### Task brief
Please retype the data in full and exactly; the pictures are not part of the copy.

(Task material)

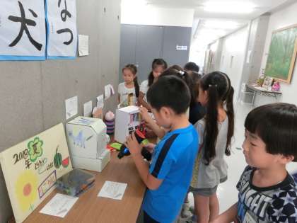 子どもたちも休み時間に友達の作品を興味津々で見ています!
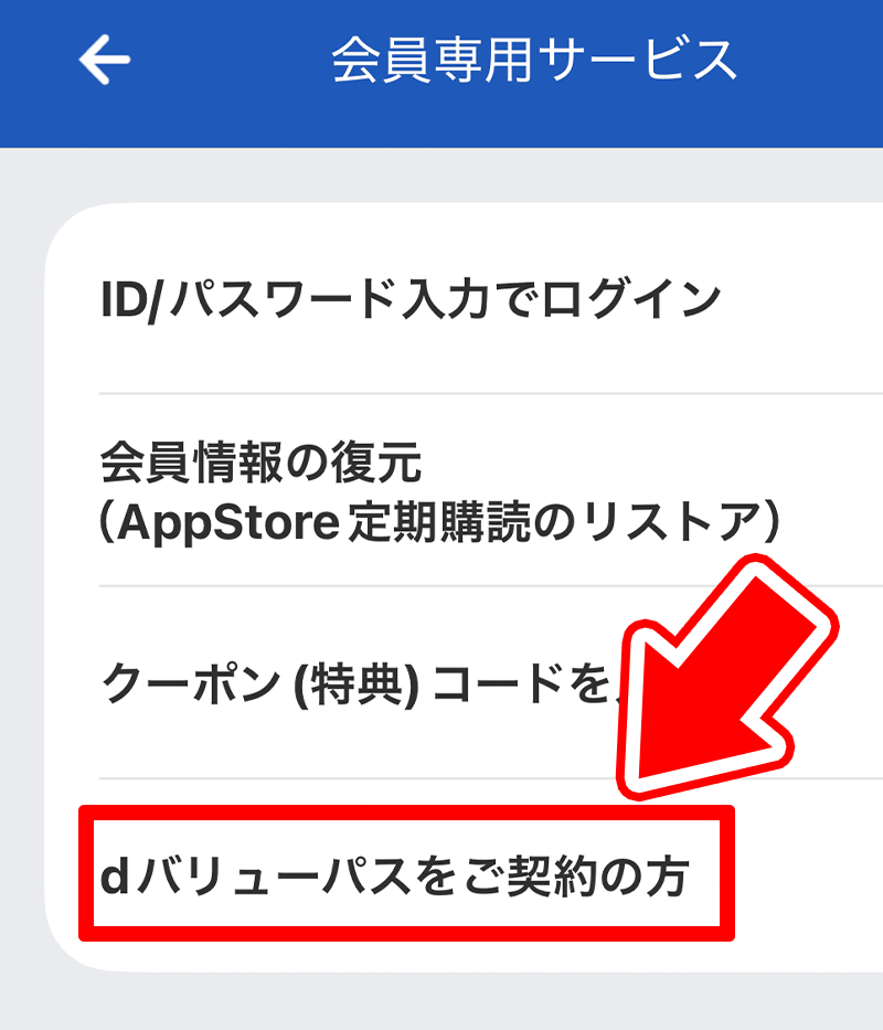 「dバリューパスご契約の方」を選択。 -
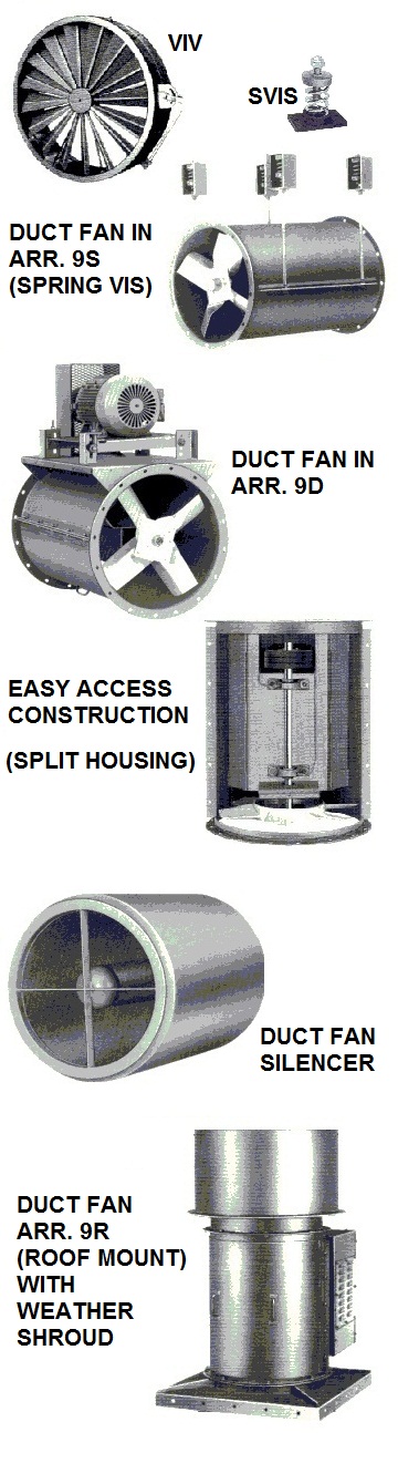 Duct fan: axial flow through fan designed for low pressure building ventilation and industrial process application. Uses include heat, smoke, and fume removal; process ventilation and process air handling; proces drying with ambient or preheated up to 650 F air; comfort process cooling and general ventilation of buildngs. Available in direct drive arrangements 4/4M/4V/4D/4R and corresponding belt drive arrangements 9/9M/9V/9D/9R. Capacities: to 350,000 CFM. Static pressure to 1.5 inches water gauge.
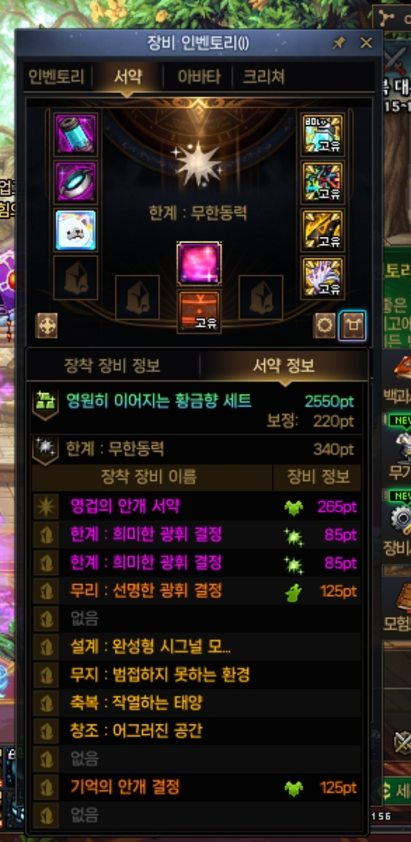 두 사진 모두 공용 서약포인트는 265+125=390.
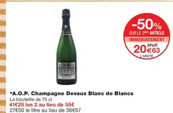 En plus de l'offre A.O.P. Champagne Devaux Blanc de Blancs, Monoprix propose une large gamme de produits. Consultez le Catalogue Monoprix hebdomadaire pour découvrir les meilleures offres et promotions. En plus de A.O.P. Champagne Devaux Blanc de Blancs, il y a aussi : Aoc - champagne brut blanc de blancs, HOMMAGE A.O.P. Chamapgne Devaux & A.O.P. Champagne Thienot brut.
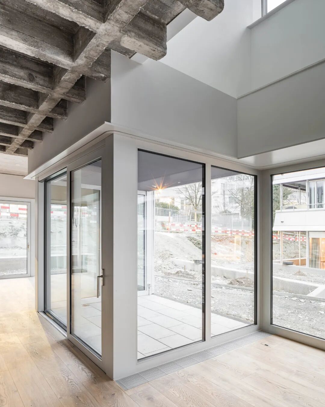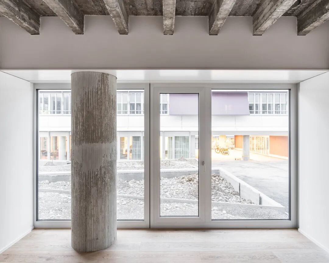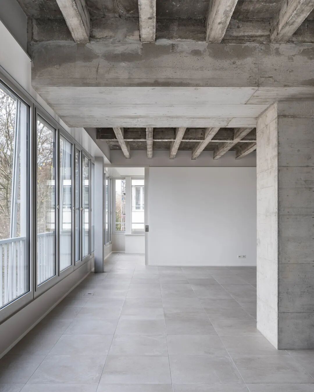 The theme of the enfilade is continued in the spacious flats, and the structurally necessary interventions in the concrete cassette ceiling also manifest themselves in the form of massive, room-structuring columns and partition walls for the flats.

(End Task material)

### Reply
 子どもたちも休み時間に友達の作品を興味津々で見ています!
 「dバリューパスご契約の方」を選択。 -
 Duct fan: axial flow through fan designed for low pressure building ventilation and industrial process application. Uses include heat, smoke, and fume removal; process ventilation and process air handling; proces drying with ambient or preheated up to 650 F air; comfort process cooling and general ventilation of buildngs. Available in direct drive arrangements 4/4M/4V/4D/4R and corresponding belt drive arrangements 9/9M/9V/9D/9R. Capacities: to 350,000 CFM. Static pressure to 1.5 inches water gauge.
 두 사진 모두 공용 서약포인트는 265+125=390.
 En plus de l'offre A.O.P. Champagne Devaux Blanc de Blancs, Monoprix propose une large gamme de produits. Consultez le Catalogue Monoprix hebdomadaire pour découvrir les meilleures offres et promotions. En plus de A.O.P. Champagne Devaux Blanc de Blancs, il y a aussi : Aoc - champagne brut blanc de blancs, HOMMAGE A.O.P. Chamapgne Devaux & A.O.P. Champagne Thienot brut.
 The theme of the enfilade is continued in the spacious flats, and the structurally necessary interventions in the concrete cassette ceiling also manifest themselves in the form of massive, room-structuring columns and partition walls for the flats.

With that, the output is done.